Ultimately, Fiasco is a company that manages to deliver both the honesty and the romance that theatre gives the audience when done well. Directors Noah Brody and Ben Steinfeld, along with vocal coach Jessie Austrian, take responsibility for bringing the play to life in a truthful way that captures all the majesty and nuance that constitutes Shakespeare's unique genius. In each of his plays--whether comedy or tragedy--we see profoundly human moments of success and failure, rapture and despair, beauty and squalor. The magic of their production is that the play contains hilarious and touching moments side-by-side and none of it seems forced or false. By focusing on the ensemble and using humans to do the storytelling, the company magnifies the humanity of the text.
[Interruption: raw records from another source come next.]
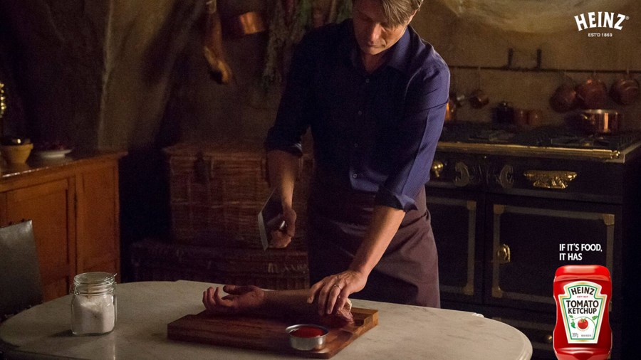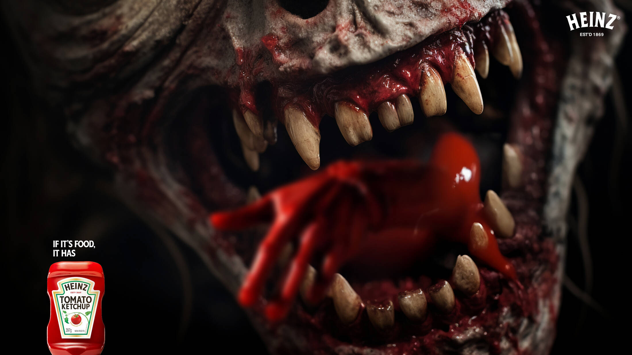 Heinz использует гиперболу — утверждение «Если в нём нет Heinz, это не еда» нарушает ожидания и драматизирует роль соуса, вызывая сильный эмоциональный отклик и делая идею легко запоминающейся.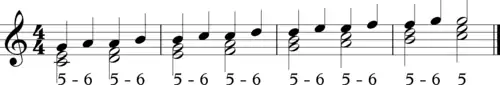 La marche ascendante en 5-6, comme la marche de quintes ascendantes, est une montée par paliers. Elle suit un modèle de mouvement de la racine d'une tierce vers le bas (généralement vers un accord de première inversion partageant la même note de basse que la première note) suivi d'un mouvement de la racine vers le haut d'une quarte. Cela se fait souvent en alternant la position de la fondamentale et les accords de premier renversement. La basse chiffrée est la même que la séquence descendante en 5-6, mais la basse elle-même suit un motif ascendant plutôt que descendant[6].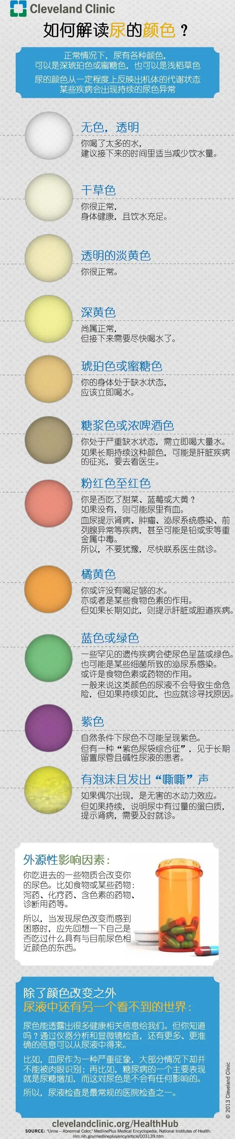 尿液颜色是健康的一种“指示剂”,此图告诉你尿液各类颜色的含义。
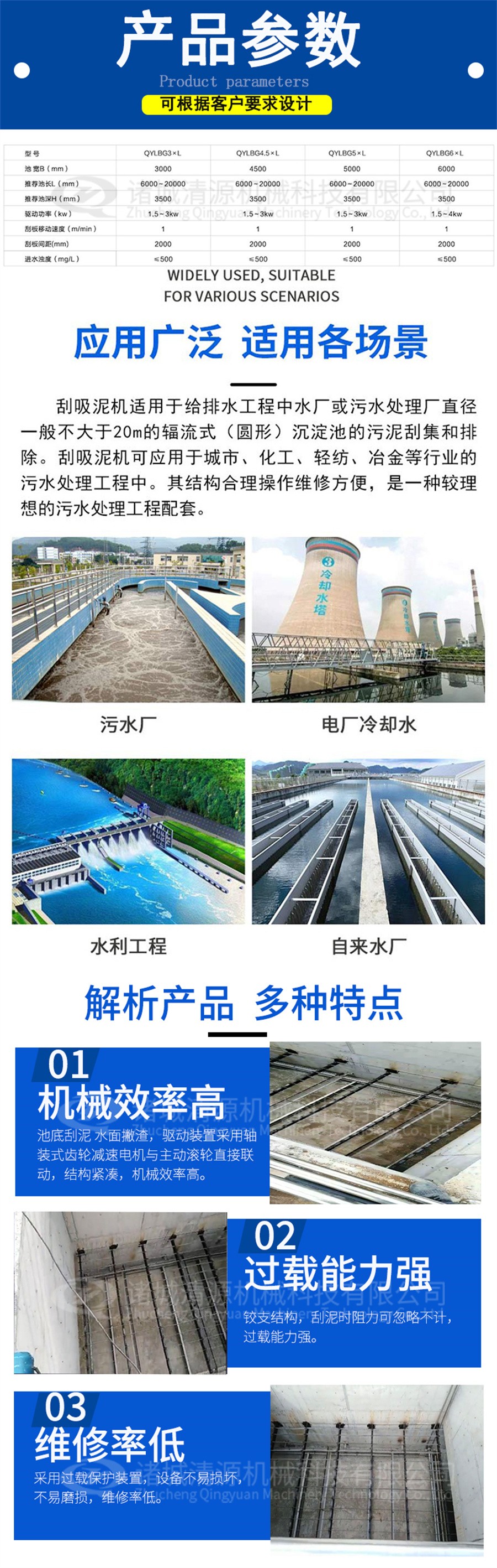 我公司除生產(chǎn)鏈板式刮油刮泥機(jī)外,還生產(chǎn):行車提耙刮泥機(jī),全橋式周邊傳動(dòng)刮吸泥機(jī),污泥濃縮機(jī),污泥脫水一體化等其他污泥濃縮設(shè)備。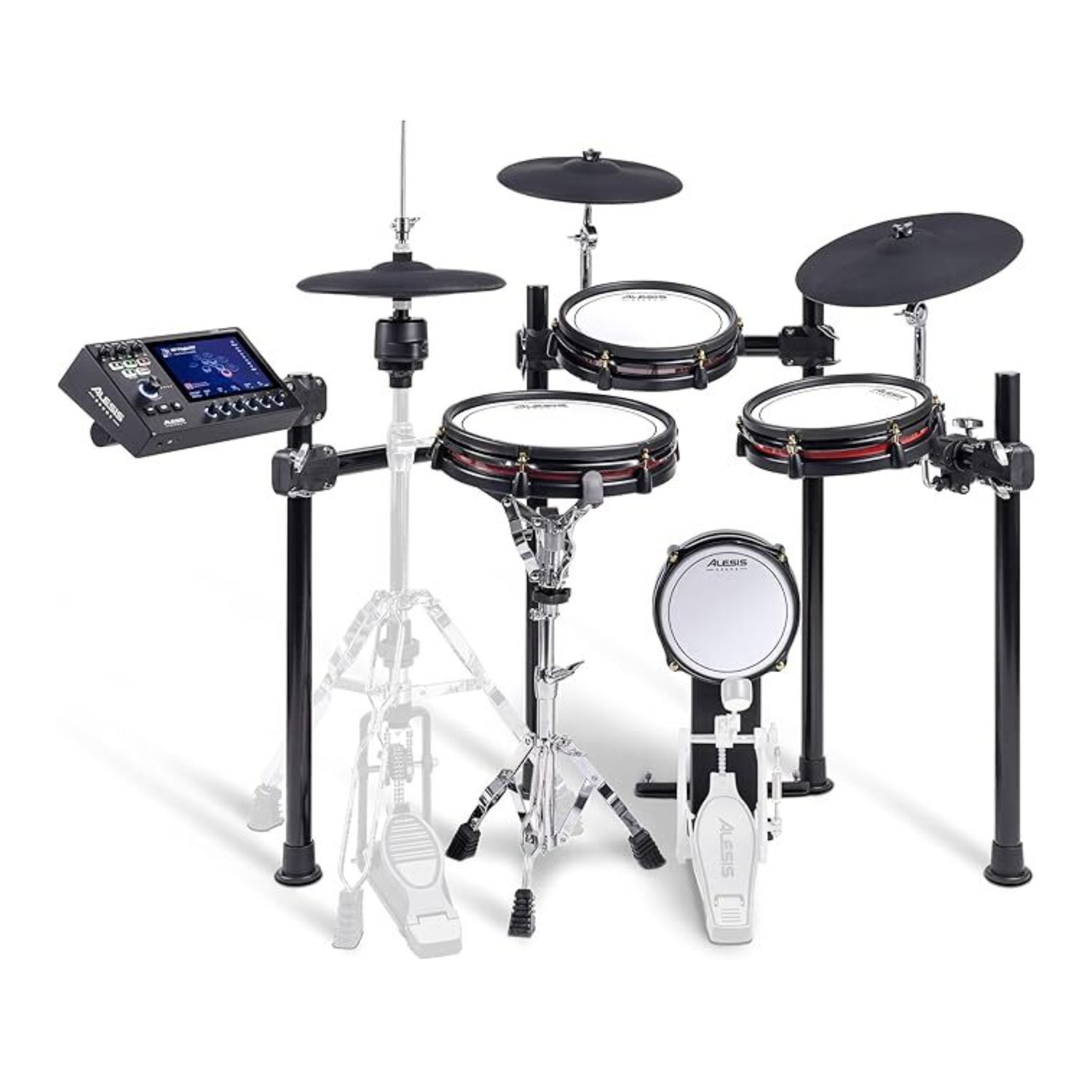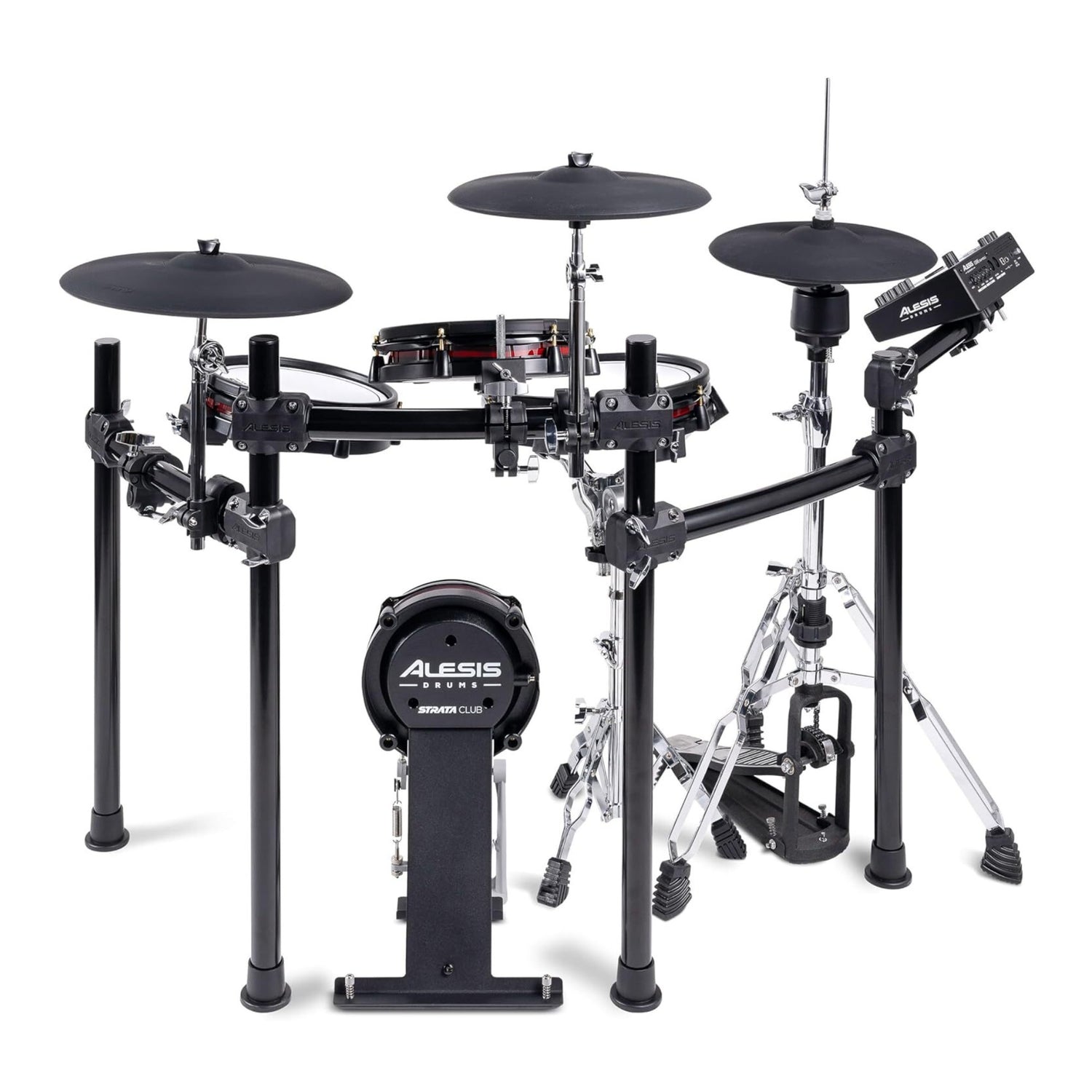 Experience pro-level drumming in a compact footprint with the Alesis Strata Club Electronic Drum Set. Designed for players of all levels, the Strata Club features responsive dual-zone mesh pads, triple-zone 360-degree ARC cymbals, and a space-saving 8-inch kick tower. At the heart of the kit is the powerful Core drum module with a 7-inch touchscreen and BFD sound engine, offering 75 preset kits, over 144,000 multi-sampled sounds, and unlimited user kit customization. With Bluetooth, USB/MIDI connectivity, and a sturdy 4-post rack, the Strata Club is perfect for practicing, recording, or live performance in tight spaces. Includes a 90-day Drumeo subscription and BFD expansion pack to fuel your drumming journey.Please note that the kick pedal and hi-hat are not included.

Ultimately, Fiasco make brilliant and moving theatre by showing immense respect for the material, the audience, and each other. They have rejected the ugly cynicism of the "art-as-product" attitude that dominates the commercial theatre in favor of a brand of unique joy that is in all too short supply today. More artists need to be willing to engage themselves and their art in such a bold way. Midtown should be so lucky.